CAA section 113, found within Subchapter I, provides for criminal penalties for violations of certain prohibitions or requirements of the Act. One such criminal violation is knowingly tampering with any required “monitoring device or method,” which carries a potential two-year prison term. CAA section 202, found within Subchapter II, requires the installation of on-board diagnostic (OBD) systems in motor vehicles. These systems monitor virtually every component that can affect emission performance and alert the vehicle operator to malfunctions by illuminating the vehicle’s “check engine” light. Installing a so-called “defeat device” is often accompanied by tampering with these OBD systems so as to prevent them from recognizing that the vehicle or engine is functioning differently than originally designed and certified. In such situations, EPA has begun pursuing criminal penalties for installing aftermarket defeat devices, alleging that defendants have violated the Clean Air Act’s antitampering provision by tampering with a vehicle’s OBD system during the installation.
Arguments for and against EPA’s interpretation of section 113
EPA has asserted in court filings that the expansive language of the tampering provision simply means what it says: that it applies to “any” monitoring device required under any provision of the CAA, including OBD systems required by section 202 of the Act. (United States v. Jonathan Long No. 2:22-CR-00139 (E.D. Va. 2024). By contrast, defendants in these enforcement cases rely primarily on a structural argument claiming that because the criminal penalty provisions exist only in Subchapter I, criminal enforcement is limited to violations of the stationary source provisions found in that subchapter. This is buttressed by the fact that Subchapter II creates distinct civil penalties for this same conduct––the $2,500 fine. In the case of Jonathan Long, EPA ultimately prevailed, with Mr. Long pleading guilty to one count and currently set for sentencing in late April 2025.
Defendants further argue that OBD systems are not “monitoring devices” within the CAA’s meaning because they do not measure actual emissions, nor do they produce data or records that can be used to ensure compliance with the Act. EPA responds by referencing the ordinary meaning of the phrase, arguing that OBD systems fall squarely within the dictionary definition of “monitoring device.”
Federal district court opinions on the issue
In 2024, three federal district courts, in Washington, Missouri, and Virginia, took up this question of whether OBD tampering could be criminalized under section 113. Relying heavily on reasoning based on a textualist approach, all three courts answered in the affirmative. In the first of the three cases, United States v. Coiteux, the Western District of Washington determined that criminal sanctions facially apply to any person who tampers with any monitoring device required under the entire CAA, not merely Subchapter I. The court further concluded that OBD systems are monitoring devices for the purposes of the tampering provision, relying on the plain and ordinary meaning of those terms. In doing so, Judge Settle criticized the defendant’s argument, saying that she failed to “explain how an OBD could diagnose a problem with the emissions system without monitoring that system.” A jury subsequently convicted Coiteux on all counts. The defendants have filed an appeal with the U.S. Court of Appeals for the Ninth Circuit, U.S. v. Coiteux, No. 24-6945 (appeal docketed Nov. 15, 2024).

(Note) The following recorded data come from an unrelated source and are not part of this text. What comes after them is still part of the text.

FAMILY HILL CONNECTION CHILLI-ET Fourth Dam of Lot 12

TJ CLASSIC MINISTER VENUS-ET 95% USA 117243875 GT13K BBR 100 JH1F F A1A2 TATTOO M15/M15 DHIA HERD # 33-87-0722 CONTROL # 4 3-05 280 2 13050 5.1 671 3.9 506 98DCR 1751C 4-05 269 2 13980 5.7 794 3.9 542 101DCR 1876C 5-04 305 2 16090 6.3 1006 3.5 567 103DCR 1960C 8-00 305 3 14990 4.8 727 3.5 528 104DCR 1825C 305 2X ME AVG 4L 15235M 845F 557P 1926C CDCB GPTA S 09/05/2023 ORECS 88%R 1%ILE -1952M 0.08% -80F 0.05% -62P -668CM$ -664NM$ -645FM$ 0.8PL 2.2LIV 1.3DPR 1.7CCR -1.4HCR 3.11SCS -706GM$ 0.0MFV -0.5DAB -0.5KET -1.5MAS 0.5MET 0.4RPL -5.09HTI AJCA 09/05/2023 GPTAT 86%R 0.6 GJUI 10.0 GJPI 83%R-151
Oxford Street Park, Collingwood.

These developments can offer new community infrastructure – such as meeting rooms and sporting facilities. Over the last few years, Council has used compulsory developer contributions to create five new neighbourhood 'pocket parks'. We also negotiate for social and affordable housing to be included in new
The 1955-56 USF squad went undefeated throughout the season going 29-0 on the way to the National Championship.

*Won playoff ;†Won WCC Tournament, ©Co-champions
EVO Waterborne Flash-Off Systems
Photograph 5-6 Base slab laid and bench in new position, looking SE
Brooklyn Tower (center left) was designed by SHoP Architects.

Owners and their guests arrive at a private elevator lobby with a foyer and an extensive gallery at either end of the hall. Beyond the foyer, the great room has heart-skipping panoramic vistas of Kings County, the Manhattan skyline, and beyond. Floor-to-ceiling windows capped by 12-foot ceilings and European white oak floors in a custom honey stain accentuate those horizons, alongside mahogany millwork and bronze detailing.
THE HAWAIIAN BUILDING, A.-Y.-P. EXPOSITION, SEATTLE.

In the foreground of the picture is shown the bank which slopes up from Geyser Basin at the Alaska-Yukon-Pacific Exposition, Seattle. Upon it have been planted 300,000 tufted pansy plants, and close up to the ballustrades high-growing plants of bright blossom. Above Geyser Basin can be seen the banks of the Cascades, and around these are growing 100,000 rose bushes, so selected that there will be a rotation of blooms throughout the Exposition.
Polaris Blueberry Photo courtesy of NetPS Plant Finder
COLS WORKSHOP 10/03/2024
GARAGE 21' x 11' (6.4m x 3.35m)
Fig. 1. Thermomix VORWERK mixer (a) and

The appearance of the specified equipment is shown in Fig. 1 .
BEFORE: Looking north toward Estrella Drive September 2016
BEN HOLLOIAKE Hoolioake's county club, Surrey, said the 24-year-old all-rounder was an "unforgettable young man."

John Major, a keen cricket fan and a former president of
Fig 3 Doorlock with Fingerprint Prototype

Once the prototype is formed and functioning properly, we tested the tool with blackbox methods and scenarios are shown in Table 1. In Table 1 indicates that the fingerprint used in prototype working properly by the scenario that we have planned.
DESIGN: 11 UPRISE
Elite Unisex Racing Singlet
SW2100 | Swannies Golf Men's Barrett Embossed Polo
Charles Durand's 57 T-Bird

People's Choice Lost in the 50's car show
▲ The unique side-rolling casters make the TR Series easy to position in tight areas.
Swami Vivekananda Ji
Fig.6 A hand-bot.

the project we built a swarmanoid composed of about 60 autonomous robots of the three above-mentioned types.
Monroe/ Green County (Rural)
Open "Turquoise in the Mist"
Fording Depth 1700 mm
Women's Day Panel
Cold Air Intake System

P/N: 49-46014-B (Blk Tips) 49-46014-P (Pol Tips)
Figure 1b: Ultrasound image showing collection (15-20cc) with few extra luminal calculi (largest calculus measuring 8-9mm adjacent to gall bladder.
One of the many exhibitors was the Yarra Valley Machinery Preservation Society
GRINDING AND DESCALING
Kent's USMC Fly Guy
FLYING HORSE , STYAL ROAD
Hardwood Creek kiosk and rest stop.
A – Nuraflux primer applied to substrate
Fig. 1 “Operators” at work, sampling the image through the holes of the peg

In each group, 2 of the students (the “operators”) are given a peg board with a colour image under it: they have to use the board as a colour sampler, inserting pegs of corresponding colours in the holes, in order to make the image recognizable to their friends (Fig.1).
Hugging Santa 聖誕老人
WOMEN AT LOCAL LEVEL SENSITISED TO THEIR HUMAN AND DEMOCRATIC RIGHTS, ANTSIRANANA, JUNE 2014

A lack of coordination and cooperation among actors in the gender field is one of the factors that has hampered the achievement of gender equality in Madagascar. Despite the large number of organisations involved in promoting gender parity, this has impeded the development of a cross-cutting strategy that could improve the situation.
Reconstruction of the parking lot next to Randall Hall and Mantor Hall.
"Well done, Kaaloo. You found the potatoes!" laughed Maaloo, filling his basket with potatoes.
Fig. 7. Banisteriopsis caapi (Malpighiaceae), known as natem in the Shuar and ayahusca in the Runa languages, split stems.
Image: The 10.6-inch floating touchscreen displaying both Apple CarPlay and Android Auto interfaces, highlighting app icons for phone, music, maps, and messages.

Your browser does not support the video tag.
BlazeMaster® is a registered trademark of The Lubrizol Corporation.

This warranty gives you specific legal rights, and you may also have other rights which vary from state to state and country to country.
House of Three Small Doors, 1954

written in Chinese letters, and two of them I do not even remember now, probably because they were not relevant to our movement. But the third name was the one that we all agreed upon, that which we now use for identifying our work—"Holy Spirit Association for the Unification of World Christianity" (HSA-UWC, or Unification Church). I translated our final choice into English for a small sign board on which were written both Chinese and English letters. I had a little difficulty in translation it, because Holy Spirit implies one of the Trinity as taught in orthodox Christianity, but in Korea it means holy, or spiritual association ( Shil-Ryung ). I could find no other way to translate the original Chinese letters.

The Eastern District of Missouri adopted the Coiteux court’s reasoning in a ruling on a motion in limine in United States v. Carroll. The defendants in that case claimed that, because the Clean Air Act uses the phrases “diagnostic systems” and “monitoring devices” in different places, Congress envisioned a difference in meaning. The court was not convinced, once again relying on the plain meaning of the phrase—monitoring device. In August 2024 a jury found defendant Christopher Lee Carroll, who allegedly used defeat devices guilty of device tampering. In February 2025 the Court sentenced Carroll to nine years in prison and to pay $3 million in restitution.
The Eastern District of Virginia addressed the plain language argument directly in United States v. Long . Judge Gibney quoted the Supreme Court in saying that “[i]n statutory interpretation disputes, a court’s proper starting point lies in a careful examination of the ordinary meaning and structure of the law itself.” “Where[] . . . that examination yields a clear answer, judges must stop.” Accordingly, the court once again found that the plain language yielded a clear answer: that the tampering provision applies to monitoring devices required under any part of the Clean CAA, including tampering with OBD systems. Long subsequently pleaded guilty.
Looking ahead
The Coiteux decision has since been appealed to the Ninth Circuit, so it remains to be seen whether the Court of Appeals will agree with the District Court’s plain language reading of the statute. One can anticipate that they will. There has been a judicial trend toward textualist statutory interpretation at the Supreme Court level in the past several decades, and that trend has trickled down into the Courts of Appeals. As Justice Gorsuch said in 2020, “[o]nly the written word is the law[.]” Accordingly, that sentiment is likely to prevail as these OBD tampering cases continue to be litigated. However, with the Trump administration launching aggressive rollbacks of pollution prevention and climate change–related rules, it remains unclear as to whether the new EPA will continue to prioritize combatting defeat devices on vehicles and will utilize this prosecution strategy in doing so.